MARIA CRISTINA FRIAS - MERCADO ABERTO

Produção de mel de abelha ganha nova rota no Brasil
MARIA CRISTINA FRIAS
FOLHA DE SP - 15/07/11

A expansão da cultura de cana, o preço da mão de obra e do arredamento do pasto no Estado de São Paulo nos últimos anos criaram uma nova "rota das abelhas" no Brasil.
O Nordeste ganha relevância como produtor.
"São Paulo ficou saturado. Hoje o apicultor tem dificuldade para arrendar pasto apícola no Estado, enquanto no Nordeste há muitas áreas livres e mão de obra de agricultores familiares ", diz Joelma Brito, da Abemel (associação de exportadores).
Um "clima de oportunidade" impulsiona a produção nordestina, segundo Brito.
"Abelhas só começam a ser criadas no Nordeste de forma racional nos anos 1980. Depois veio apoio do Banco do Nordeste.
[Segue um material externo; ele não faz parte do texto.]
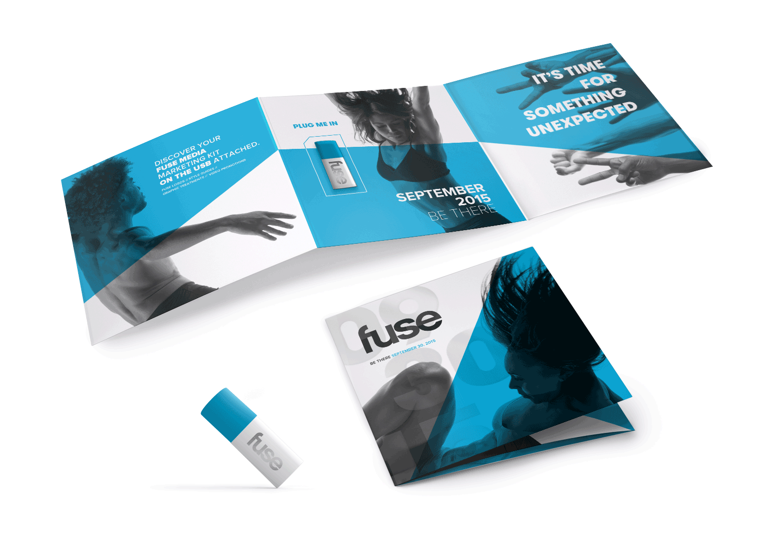 Shown above: Square trifold with branded, pre-loaded USB drive. Fuse’s brand is about the human element and providing honest, sexy, relevant and edgy content. This tone is visually represented in the trifold’s design: the black and white photography + fluidity of the dancers in motion, juxtaposed with the sharp, angled shapes in the brand’s accent color.
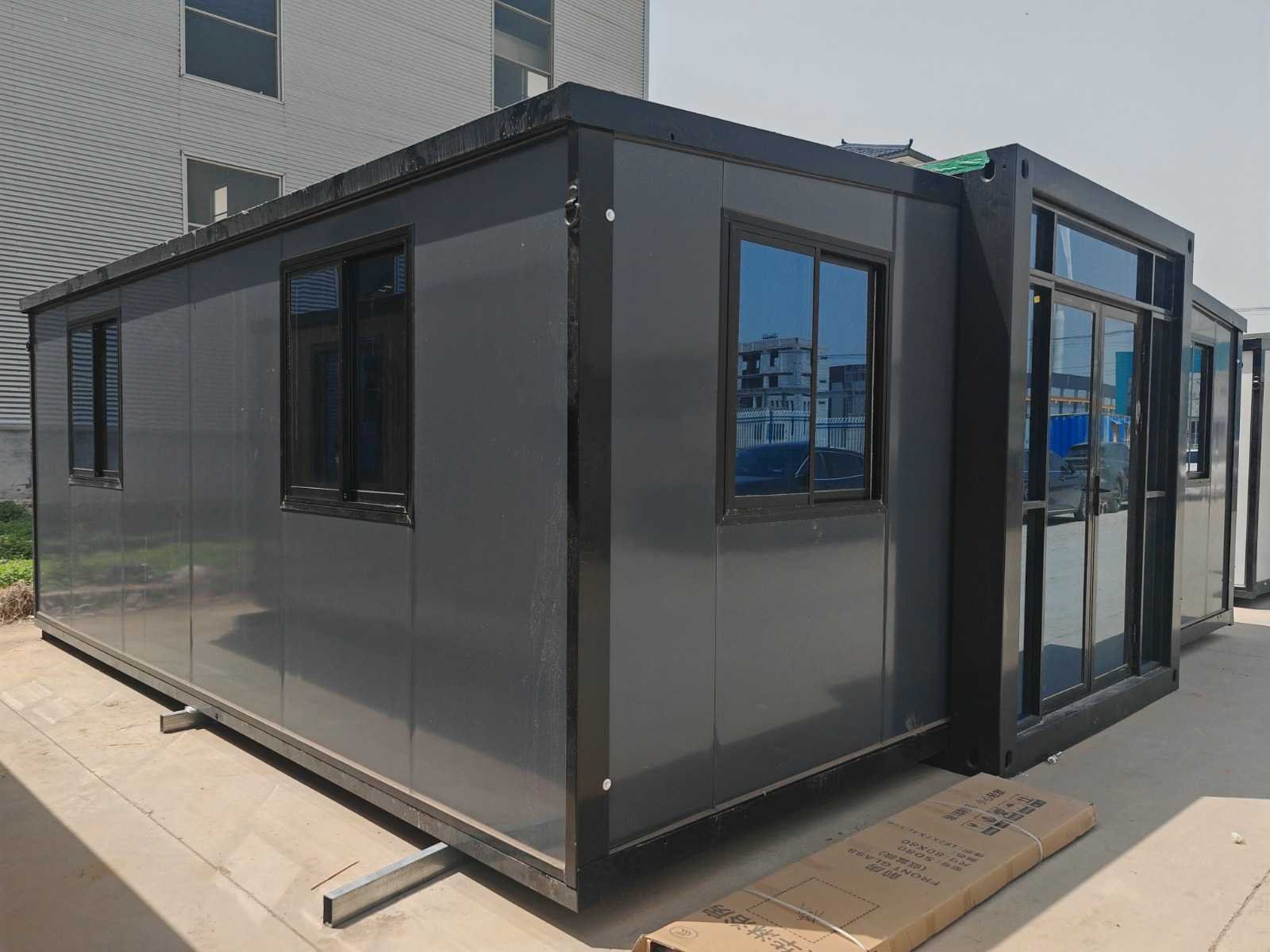 2026 rhino houses 36,5 m2 zwart 2 slaapkamers, badkamer en keuken mobiele woonunit / tiny house met luifel / balkon
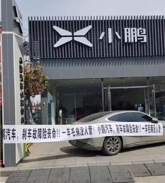 本月8日,一张小鹏P7车主维权的图片出现在众多新能源汽车微信群中,图片上显示一辆P7停在了小鹏门店门前,在车前拉着一条写着“小鹏汽车,刹车故障险伤命,一车毛病没人管”的条幅。
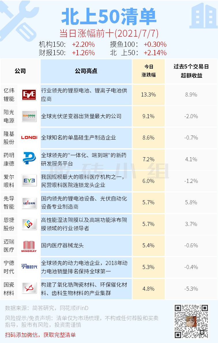 【北上50涨幅前10】

A exportação é relativamente recente", diz Darcet Souza, da Universidade Federal do Piauí.
A base da extração do mel é feita pelas abelhas por meio das flores, ausentes na produção de cana. "O avanço da cana pode ter impactado São Paulo. Houve desmatamento do cerrado", diz Souza.
O professor cita a introdução do agrotóxico, que interfere na aceitação no exterior.
As culturas silvestres, em plantações de cipó uva e assa-peixe, por exemplo, produzem mel mais claro e de maior qualidade.
O preço internacional é baseado em aspectos rigorosos como cor, umidade e quantidade de contaminantes.
Em maio, as exportações de mel no país tiveram alta no valor (US$ 8,2 milhões) e queda em volume (2,6 mil toneladas), segundo o Sebrae.
"Hoje, acabamos buscando mais em Minas e no Paraná", afirma Raul Ferreira, da Apis Flora, fabricante de derivados como própolis, mel e fármacos.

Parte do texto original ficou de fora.